April 16, 2019 Articles

How the Tax Cuts and Jobs Act Affects Matrimonial Matters

Among the many changes to the tax laws are the deductibility of alimony payments and several tax provisions that will affect the valuation of a privately held business.

By Louis Panariello

Introduced in the House of Representatives by Congressman Kevin Brady (R-TX) on November 2, 2017, the Tax Cuts and Jobs Act of 2017 (TCJA) was officially signed into law by President Donald Trump on December 22, 2017. The TCJA will be effective for divorce or settlement agreements executed after December 31, 2018. 

As is true of any new law, the TCJA contains, in part, language to be deciphered and interpreted by tax professionals, attorneys, courts, and other professionals.
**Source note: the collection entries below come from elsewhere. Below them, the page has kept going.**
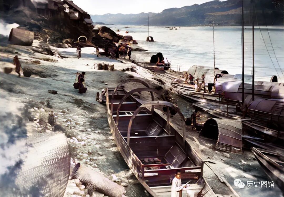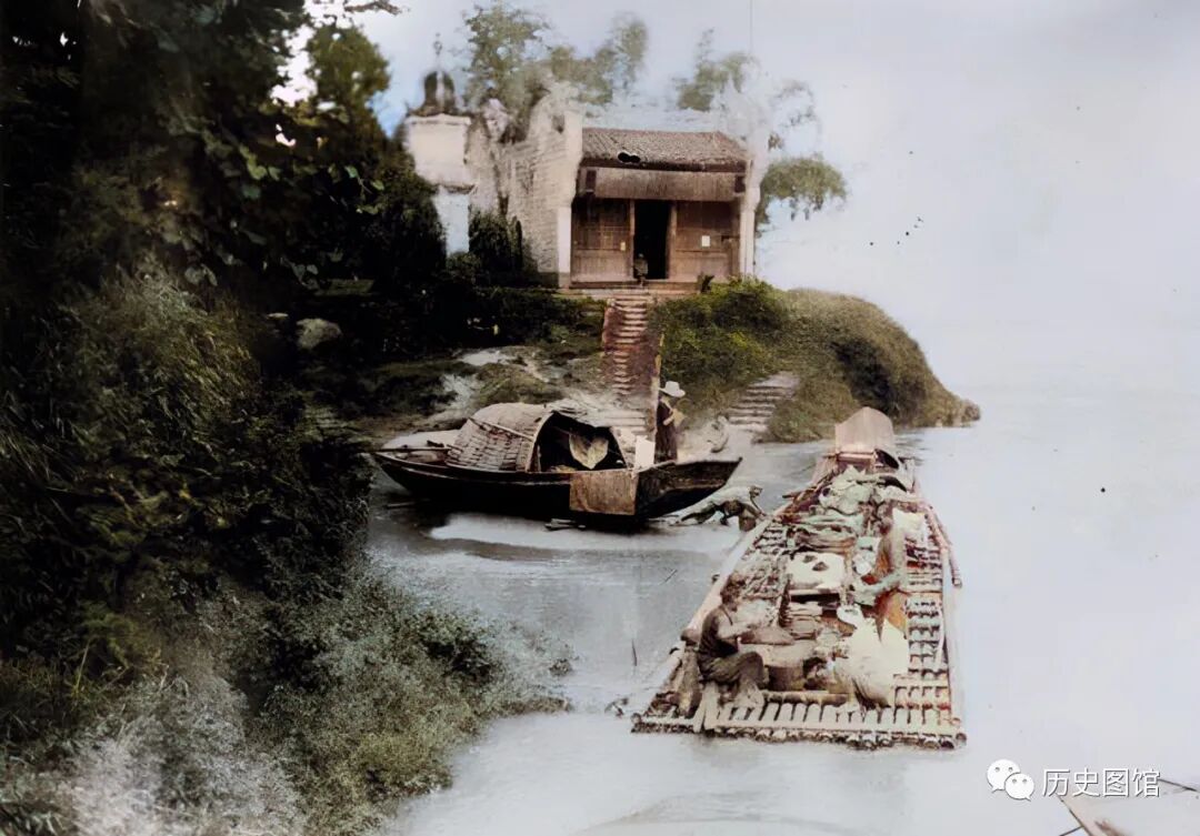 岷江边上,一座高台之上,矗立着一座不知名的庙宇。高台之下的江水中,有两艘小船停靠在岸边,两艘船正在装卸货物。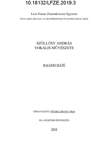Balogh, Máté (2019) Szőllősy András vokális művészete. PhD thesis, Liszt Ferenc Zeneművészeti Egyetem.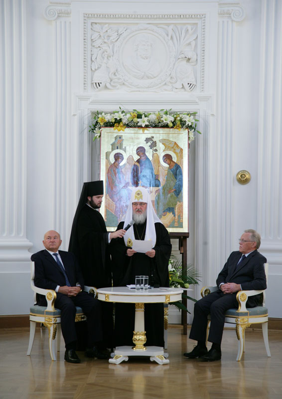После церемонии вручения премии, включающей в себя денежную составляющую и собрание сочинений митрополита Макария (Булгакова), Святейший Патриарх Кирилл вновь обратился со словом к присутствующим.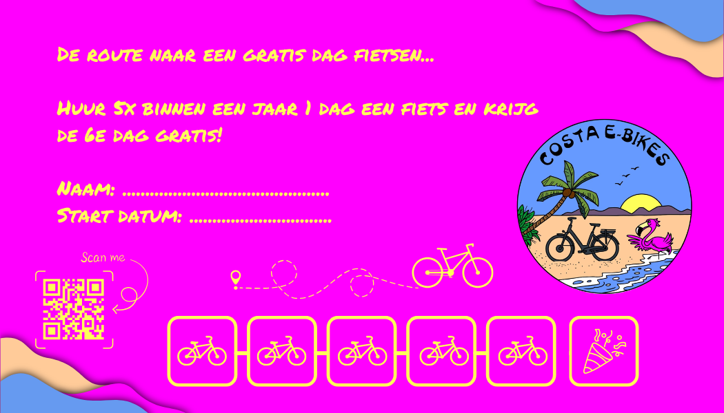 Huur 5x binnen een jaar 1 dag een fiets en krijg de 6e dag gratis!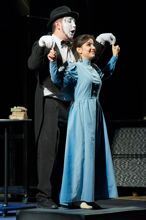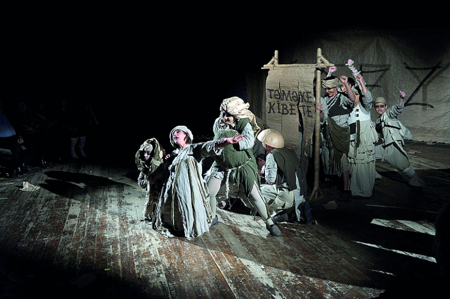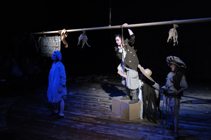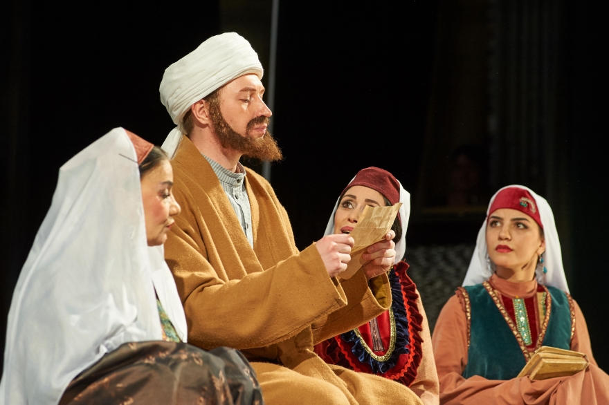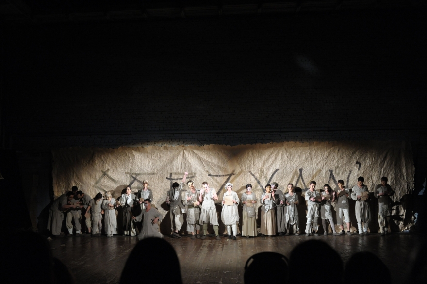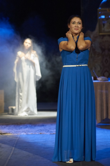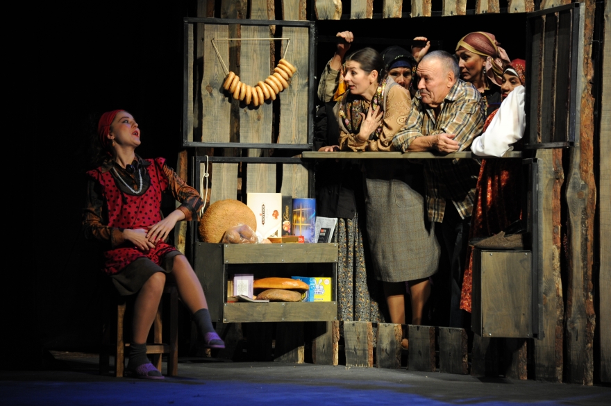 Переведенный на татарский Бертольд Брехт - о том, как в поисках человека с открытым сердцем боги спустились на землю, а нашли только проститутку Шен Те, чья доброта приносит ей только несчастья. Петербургский режиссер Искандер Сакаев рассадил зрителей на сцене, а художник по костюмам Дина Тарасенко обрядила актеров в средневеково-космические костюмы.
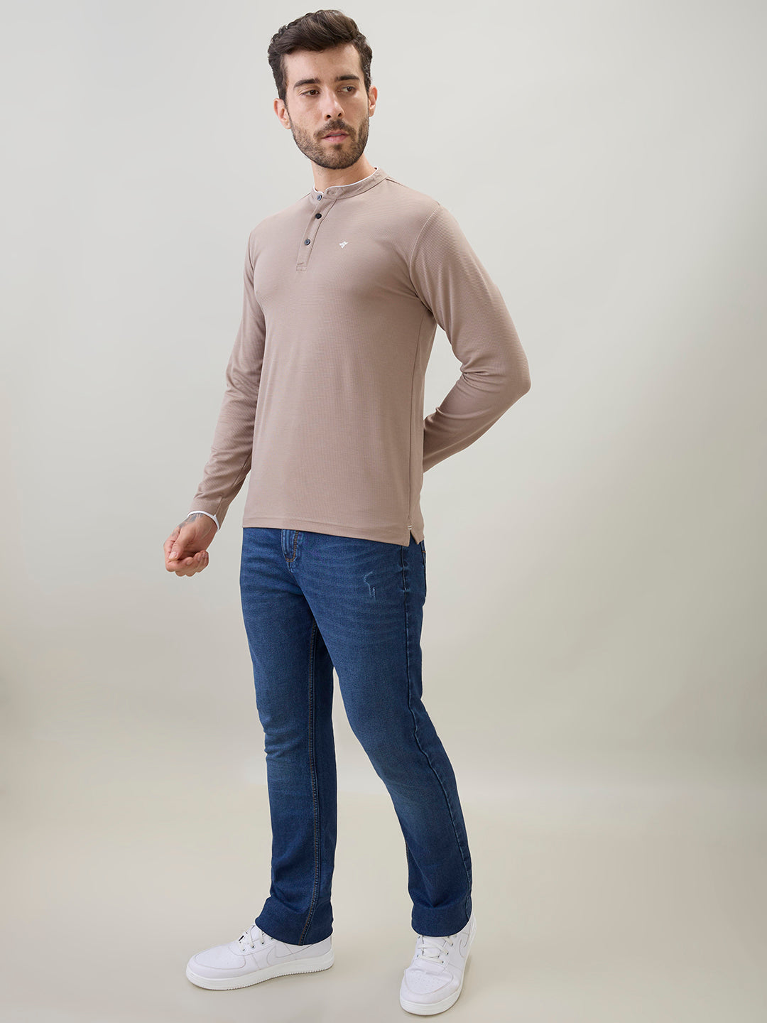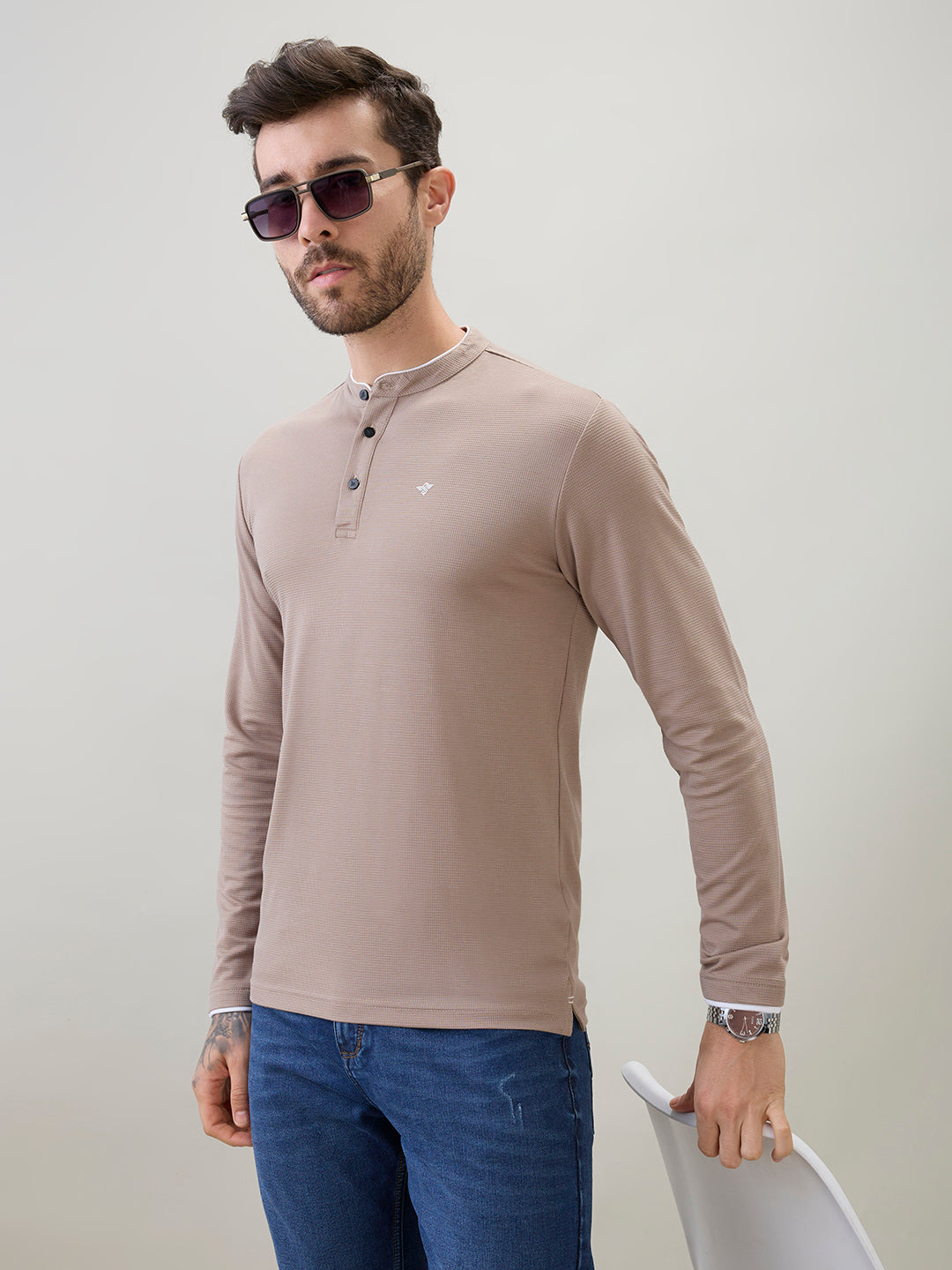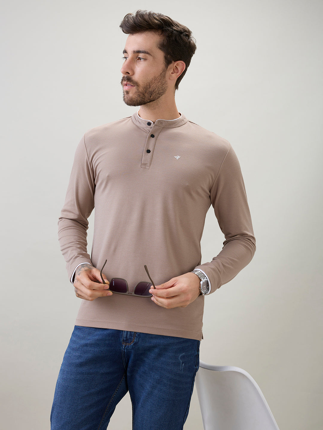 BEIGE Men's Solid Henley Neck Regular Fit Full Sleeve T-Shirt with Logo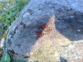 Keywords: Verőköltő bodobácsok.Pyrrhocoris apterus1.JPG en Firebugs Pyrrhocoris apterus in March near Deva Hunyad county hu Verőköltő bodobácsok Pyrrhocoris apterus marciusban Deva kozeleben Deva Dénes Dalma 2008 marcius 29 Pyrrhocoris apterus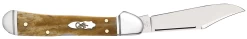 This Equestrian is a part of the Amber Bone Family. Our Amber Bone color and Peach Seed jig are signatures of the Case brand and the true heart of the case line. The Equestrian knife was designed for those who love and take care of horses. Built on a Trapper, the Clip blade and hoof pick make this knife a great tool for both horses and riders. The Clip blade is a multi-purpose blade that is preferred for its versatility. The hoof pick is a common tool for those that care for horses. It is designed specially to clean the area of a horse’s hoof from any rocks or debris. This knife is constructed with Case Tru-Sharp™ stainless steel which is a special high-carbon steel that helps the blades hold an edge longer than conventional steel. It also offers extraordinary blade strength and corrosion resistance.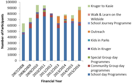 Kruger National Park was also involved in projects that foster health and a clean environment by investing in environmental education and waste management programmes to schools and neighbouring communities. Through the five environmental interpretation centres, KNP has several interpretation centres. It has both curriculum and non-funded curriculum projects aimed at ensuring environmental sustainability. The non-curriculum projects are aimed at promoting land rehabilitation, clean-up campaigns and community greening projects. Figure 3 shows the number of participants of various KNP environmental programmes. Through the environmental education programmes, SANParks can bring to the fore issues and challenges facing host communities using part of the money from the Tourism Levy, which is charged to each tourist as they enter SANParks across the country. These projects’ critical issues include climate change, pollution, human-wildlife conflict, poaching and other critical environmental problems.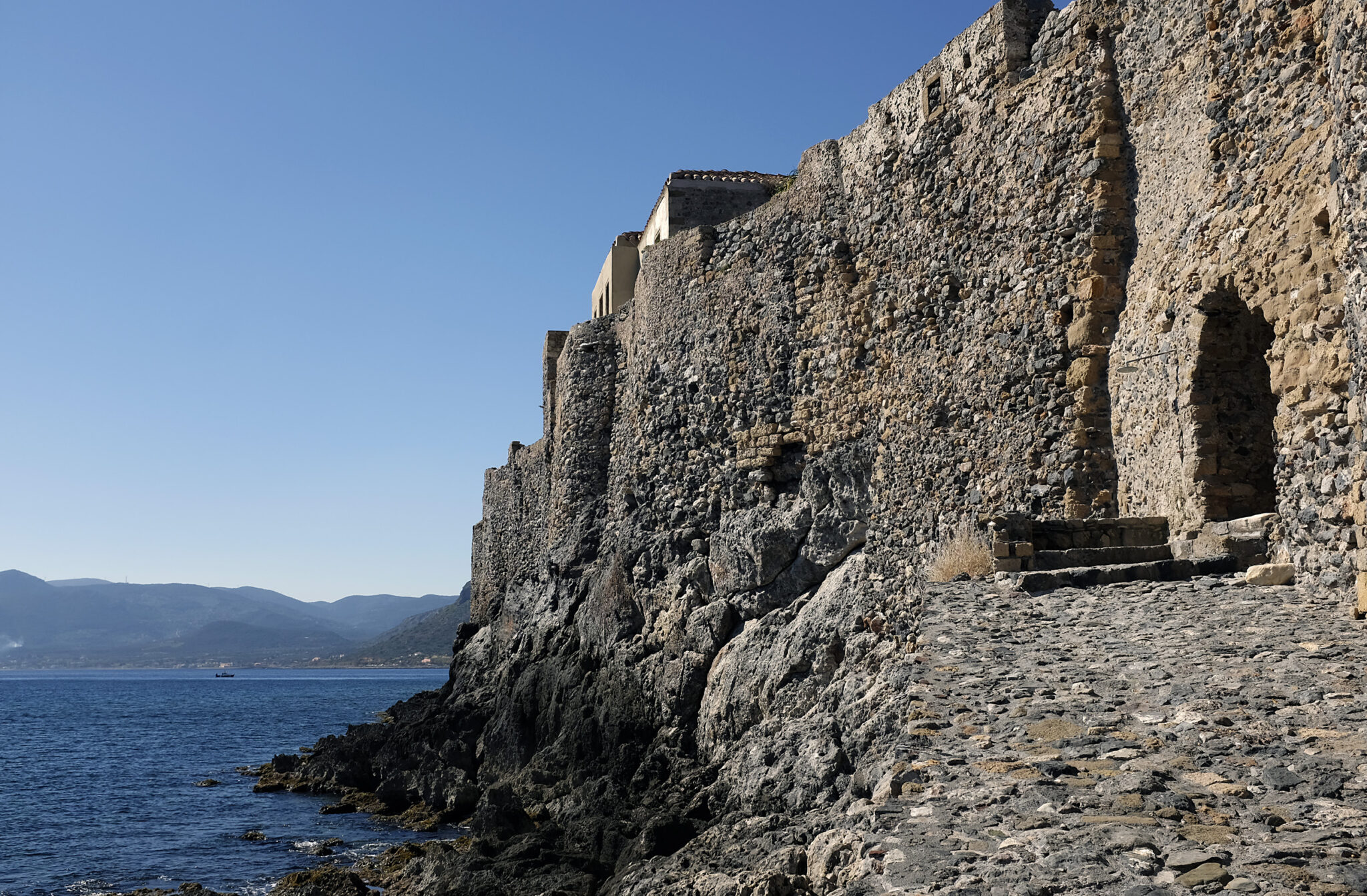 Facing the square with the Cannon, a steep and somewhat challenging winding path ascends toward the Upper Town, which appears to struggle under its weight. Midway along the route, a narrow path veers from the main road and leads to the small, cave-like chapel of the Holy Apostles. This serene, shady spot is shielded from the sun, offering a view of the castle town away from any crowds. In the Upper Town, remnants of homes that once housed residents before being abandoned are scattered throughout the area, with storage spaces and cisterns that were essential for the water supply in this arid region. The plateau atop the rock is sloping and easily accessible. Amid the wild flora of Laconia, paths lead to the rock’s western edge, high above the bridge, providing a revealing view of the mainland and Monemvasia’s new settlement.

Over the years to come, rulings by the supreme courts and appellate divisions will create precedent for the sections of the TCJA that are less rigid and ambiguous. Nonetheless, during the final months of 2018, lawyers were tasked with navigating the new tax bill and determining whether or not the provisions of the TCJA would be beneficial to their clients. The operative question was: Should the divorce agreement effectuate prior to year-end under the old provisions of the tax law, or is it more advantageous for the divorce agreement post-2018? The operative question forging forward will be: How does the TCJA affect divorce and settlement agreements entered into starting January 1, 2019?